Table II Number and proportion of patients with reduced eGFR values (≥10 ml/min/1.73 m2), compared with pre-COVID-19 values, in three periods during the first year after acute COVID-19 according to diverse clinical characteristics.

Table II

Number and proportion of patients with reduced eGFR values (≥10 ml/min/1.73 m2), compared with pre-COVID-19 values, in three periods during the first year after acute COVID-19 according to diverse clinical characteristics.

	Month after COVID-19
	4 (n=99) eGFR reduction, n (%)		8 (n=88) eGFR reduction, n (%)		12 (n=77) eGFR reduction, n (%)
Clinical characteristics	No	Yes	No	Yes	No	Yes	P-valuea
All	82 (82.8)	17 (17.2)	68 (77.3)	20 (22.7)	64 (83.1)	13 (16.9)
Pre-COVID-19 low eGFRb
No	34 (68.0)	16 (32.0)	26 (60.5)	17 (39.5)	25 (69.4)	11 (30.6)	<0.001c
Yes	48 (98.0)	1 (2.0)	42 (93.3)	3 (6.7)	39 (95.1)	2 (4.9)
B blood typed
No	75 (81.5)	17 (18.4)	62 (75.6)	20 (24.4)	59 (81.9)	13 (18.1)	0.049c
Yes	7 (100.0)	0 (0.0)	6 (100.0)	0 (0.0)	5 (100.0)	0 (0.0)
Diabetes
No	49 (77.8)	14 (22.2)	38 (69.1)	17 (30.9)	34 (75.6)	11 (24.4)	<0.001c
Yes	33 (91.7)	3 (8.3)	30 (90.9)	3 (9.1)	30 (93.8)	2 (6.3)
Hospitalized
No	41 (85.4)	7 (14.6)	33 (82.5)	7 (17.5)	32 (94.1)	2 (5.9)	0.039e
Yes	41 (80.4)	10 (19.6)	35 (72.9)	13 (27.1)	32 (74.4)	11 (25.6)
Ivermectin
No	70 (83.3)	14 (16.7)	60 (78.9)	16 (17.2)	54 (81.8)	12 (18.2)	0.824c
Yes	12 (80.0)	3 (20.0)	8 (66.7)	4 (33.3)	10 (90.9)	1 (9.1)
Anticoagulant
No	50 (87.7)	7 (12.3)	40 (85.1)	7 (14.9)	37 (90.2)	4 (9.8)	0.005e
Yes	32 (76.2)	10 (23.8)	28 (68.3)	13 (31.7)	27 (75.0)	9 (25.0)
Vitamin C
No	55 (84.6)	10 (15.4)	45 (77.6)	13 (22.4)	42 (80.8)	10 (19.2)	0.901e
Yes	27 (79.4)	7 (20.6)	23 (76.7)	7 (23.3)	22 (88.0)	3 (12.0)
Long COVIDf
No	24 (80.0)	6 (20.0)	19 (79.2)	5 (20.8)	18 (90.0)	2 (10.0)	0.899e
Yes	58 (84.0)	11 (16.0)	49 (76.6)	15 (23.4)	46 (80.7)	11 (19.3)

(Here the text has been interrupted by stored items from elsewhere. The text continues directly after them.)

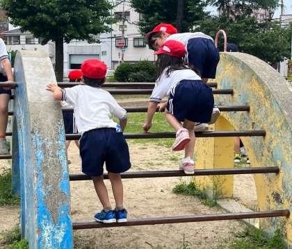 遊具で楽しく遊んだりしました??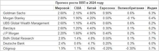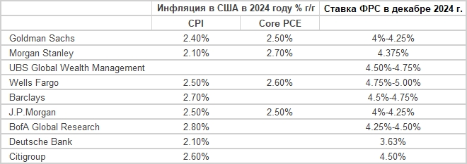 Ниже приведены прогнозы некоторых крупных банков и инвестиционных компаний по экономическому росту, инфляции, политике ФРС и ожидаемой динамики определенных классов активов.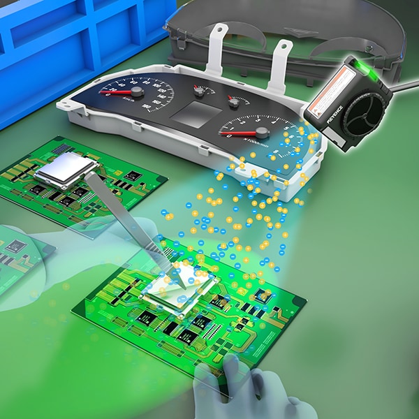 在单元工序中处理电子印刷电路板时,静电会伴随着剥离和摩擦动作而产生。即便采取接地、导电化等对策,在剥离部件或腾空作业等时,仅采取这些对策效果并不充分。可使用静电消除器加强静电对策效果。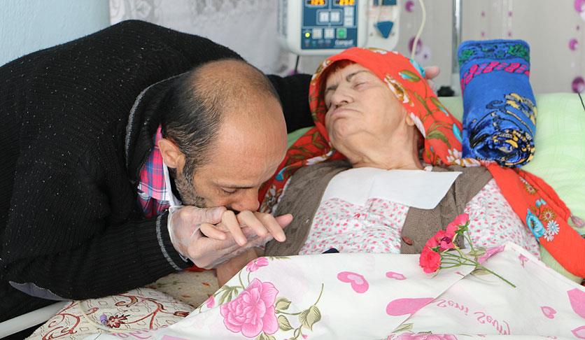 Geçirdiği beyin kanaması nedeniyle 2 yıl önce yatağa bağımlı hale gelen ve 20 yıldır süren rahatsızlığı yüzünden bakıma muhtaç olan 80 yaşındaki annesinin ihtiyaçlarını tek başına gideren 42 yaşındaki Mustafa Hamamcı, uğruna işini bıraktığı ve hiç evlenmediği annesinin bakımını büyük bir titizlikle yapıyor.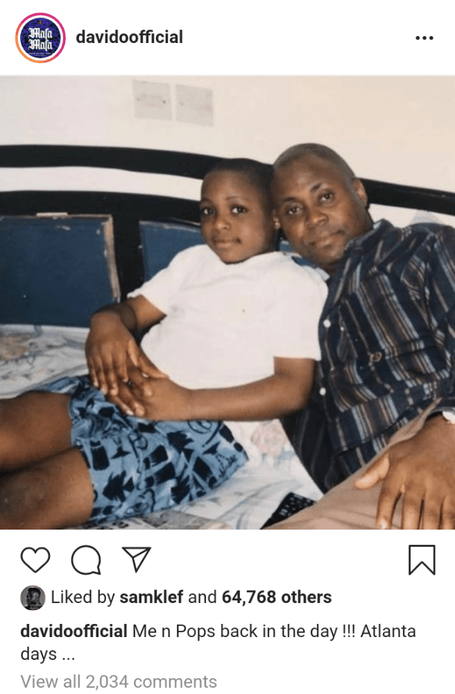 Popular Nigerian artist, David Adeleke, also known as Davido, has posted an adorable picture he took with his father so many years ago.

[i] ^aP-value that resulted from comparing the groups of patients that had, or did not have, a decreased eGFR compared with their pre-COVID-19 value, according to the presence or absence of a certain factor (pre-COVID-19 low eGFR, B blood type, diabetes, hospitalized, long COVID, or the use during the acute stage of COVID-19 of ivermectin, anticoagulant, or vitamin C). All time periods (4-, 8- and 12-months after COVID-19 infection) were simultaneously analyzed and statistical tests were performed on 2x6 contingency tables.

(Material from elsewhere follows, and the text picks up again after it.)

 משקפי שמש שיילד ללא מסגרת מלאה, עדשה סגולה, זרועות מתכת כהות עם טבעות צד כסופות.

[ii] ^beGFR <90 ml/min/1.73 m².

[iii] ^cFisher's exact test.

[iv] ^dB-positive blood type; B and AB groups (in contrast to A and O groups).

[v] ^eCochran-Mantel-Haenszel chi-square test analysis.

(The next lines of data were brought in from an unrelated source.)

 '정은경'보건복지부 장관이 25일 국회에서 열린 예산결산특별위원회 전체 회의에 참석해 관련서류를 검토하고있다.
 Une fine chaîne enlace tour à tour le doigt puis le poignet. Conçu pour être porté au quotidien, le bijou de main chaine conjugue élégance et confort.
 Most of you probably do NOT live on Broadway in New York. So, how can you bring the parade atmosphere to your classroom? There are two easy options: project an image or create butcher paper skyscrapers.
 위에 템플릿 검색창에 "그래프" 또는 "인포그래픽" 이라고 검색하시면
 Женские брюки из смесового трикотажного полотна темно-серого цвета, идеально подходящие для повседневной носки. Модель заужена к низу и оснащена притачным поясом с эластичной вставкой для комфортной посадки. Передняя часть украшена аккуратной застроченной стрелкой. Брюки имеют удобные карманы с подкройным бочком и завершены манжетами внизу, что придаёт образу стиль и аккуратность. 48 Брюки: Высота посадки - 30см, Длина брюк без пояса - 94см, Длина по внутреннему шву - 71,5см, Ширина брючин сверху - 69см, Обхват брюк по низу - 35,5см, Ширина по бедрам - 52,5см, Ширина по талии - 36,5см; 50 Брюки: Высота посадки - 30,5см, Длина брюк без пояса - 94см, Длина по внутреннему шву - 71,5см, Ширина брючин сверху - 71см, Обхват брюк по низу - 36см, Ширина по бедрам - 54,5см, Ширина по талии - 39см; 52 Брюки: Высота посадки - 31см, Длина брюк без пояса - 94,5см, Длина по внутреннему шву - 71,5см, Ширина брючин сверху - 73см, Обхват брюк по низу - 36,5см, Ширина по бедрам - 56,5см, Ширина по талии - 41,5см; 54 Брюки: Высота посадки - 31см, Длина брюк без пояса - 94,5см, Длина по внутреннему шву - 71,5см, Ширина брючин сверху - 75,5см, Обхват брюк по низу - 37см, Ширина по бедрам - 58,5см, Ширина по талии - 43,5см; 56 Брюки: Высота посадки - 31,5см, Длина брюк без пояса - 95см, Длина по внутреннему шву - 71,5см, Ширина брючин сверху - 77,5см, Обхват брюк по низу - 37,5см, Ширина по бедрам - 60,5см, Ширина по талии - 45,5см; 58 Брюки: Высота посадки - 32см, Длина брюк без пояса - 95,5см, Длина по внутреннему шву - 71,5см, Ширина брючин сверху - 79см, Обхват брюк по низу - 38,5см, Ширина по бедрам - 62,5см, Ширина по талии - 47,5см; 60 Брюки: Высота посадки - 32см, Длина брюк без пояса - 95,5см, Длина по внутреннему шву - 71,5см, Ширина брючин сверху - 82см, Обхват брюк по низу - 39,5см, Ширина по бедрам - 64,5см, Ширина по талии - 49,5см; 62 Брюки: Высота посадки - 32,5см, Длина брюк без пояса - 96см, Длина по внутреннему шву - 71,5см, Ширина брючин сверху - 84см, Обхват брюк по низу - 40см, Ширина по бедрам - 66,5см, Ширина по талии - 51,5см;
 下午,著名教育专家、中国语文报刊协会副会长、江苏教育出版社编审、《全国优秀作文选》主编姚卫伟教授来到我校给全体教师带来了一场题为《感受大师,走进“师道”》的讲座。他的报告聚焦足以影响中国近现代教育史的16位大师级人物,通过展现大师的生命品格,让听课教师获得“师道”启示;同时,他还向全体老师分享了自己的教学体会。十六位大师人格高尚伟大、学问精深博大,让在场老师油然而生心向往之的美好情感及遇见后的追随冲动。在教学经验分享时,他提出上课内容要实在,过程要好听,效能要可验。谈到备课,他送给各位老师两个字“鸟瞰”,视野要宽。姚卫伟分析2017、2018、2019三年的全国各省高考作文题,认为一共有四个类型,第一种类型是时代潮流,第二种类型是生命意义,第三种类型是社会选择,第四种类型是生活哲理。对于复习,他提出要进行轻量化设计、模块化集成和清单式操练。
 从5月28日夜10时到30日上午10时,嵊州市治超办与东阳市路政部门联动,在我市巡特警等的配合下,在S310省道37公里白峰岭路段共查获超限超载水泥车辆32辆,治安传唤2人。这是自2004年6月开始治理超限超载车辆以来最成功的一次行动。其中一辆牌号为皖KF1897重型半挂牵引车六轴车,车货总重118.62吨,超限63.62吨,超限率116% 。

[vi] ^fSymptoms of COVID-19 persisting for >12 weeks after infection. Each stratum (with or without a clinical characteristic), in each time period, was considered as 100%, in order to make comparisons of the proportion of patients that reduced their eGFR values between those that did or did not have a clinical characteristic in particular. COVID-19, coronavirus disease 2019; eGFR, estimated glomerular filtration rate.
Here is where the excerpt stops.